SPEEDY LOANS v. Kaylyn Hummingbird
What's This Case About?
Let’s cut right to the chase: in a sleepy corner of eastern Oklahoma, a woman named Kaylyn Hummingbird is being hunted—yes, hunted—by a company called Speedy Loans for the grand sum of $4,137.80. That’s four thousand, one hundred, thirty-seven dollars and eighty cents. Not a million. Not a murder. Just a loan, a mailbox, and a legal machine that’s ready to roll like this is Breaking Bad: Small Claims Edition.
Now, before you roll your eyes and say, “Oh great, another debt collection case,” let’s talk about where we are. Adair County, Oklahoma. Population: tiny. Economy: not booming. Legal drama: apparently, very much so. This isn’t Wall Street. This is Stilwell, where the biggest news might usually be whose cow got loose on Highway 59. But today? Today, the legal system has been activated over a loan with a number—#44153—so cold and clinical it sounds like a spy dossier. And the plaintiff? “SPEEDY LOANS.” Capitalized like it’s a villain in a comic book. No address? Oh, wait—there is one: 119 W Plum St, Stilwell, OK. Same town. Same zip code. So let’s be real: this isn’t some faceless Wall Street behemoth. This is the local payday lender that probably shares a Walmart parking lot with Kaylyn’s grocery store.

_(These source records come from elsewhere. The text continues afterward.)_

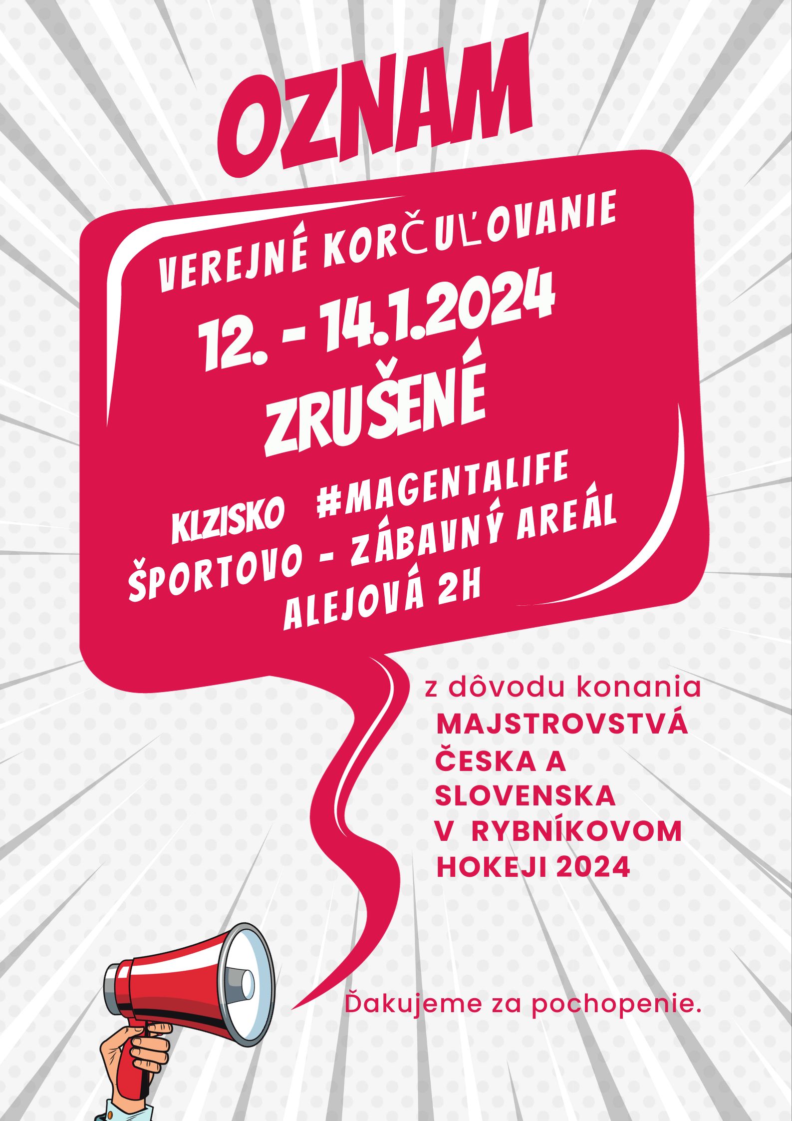 Kvôli tomuto podujatiu bude verejné korčuľovanie v dňoch 12. - 14.1.2024 zrušené.
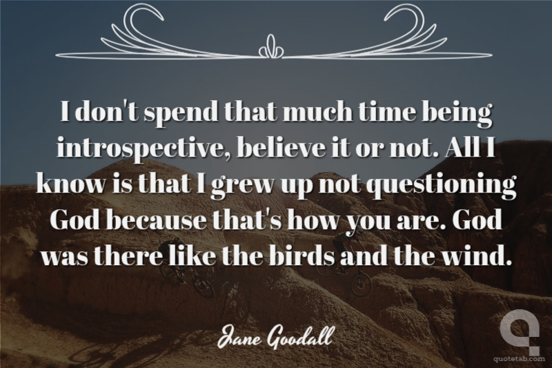 I don't spend that much time being introspective, believe it or not. All I know is that I grew up not questioning God because that's how you are. God was there like the birds and the wind.
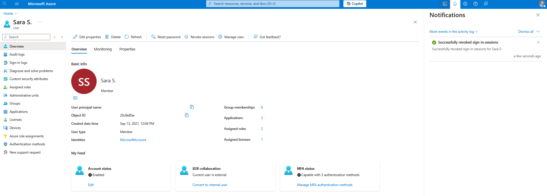 ➡️ Revoking sign-in sessions invalidates browser sessions and prevents users from acquiring new tokens. Existing access tokens remain valid until expiration.

So who is Kaylyn Hummingbird? We don’t know much, but we know this: she lives on East 870 Road (the address looks like it was pulled from a GPS coordinate), she got a loan from Speedy Loans, and now she’s on the receiving end of a legal affidavit that’s less “court document” and more “final warning from the loan shark in a 1930s gangster film.” Was she late on payments? Did she ghost them? Did she move? Change her number? The filing doesn’t say. All we know is that Speedy Loans says she owes $4,137.80, that they asked for it, and she didn’t pay. Not a dime. Not a “let’s work something out.” Just… radio silence. Or so they claim.
And look, we’re not here to judge. Maybe Kaylyn lost her job. Maybe her car broke down. Maybe she’s one of the millions of Americans caught in the payday loan death spiral—borrow a hundred bucks, owe five hundred in six months, rinse, repeat. But here’s the thing: $4,137.80 is not a small sum. That’s a used car. That’s a year of rent in some parts of Oklahoma. That’s not a “forgot to pay my phone bill” kind of debt. That’s a “somebody handed me a stack of cash and now they want it back” kind of debt. So we have to assume this wasn’t a $200 loan that ballooned overnight—this was either a bigger loan, or it’s been festering for a while. Or both.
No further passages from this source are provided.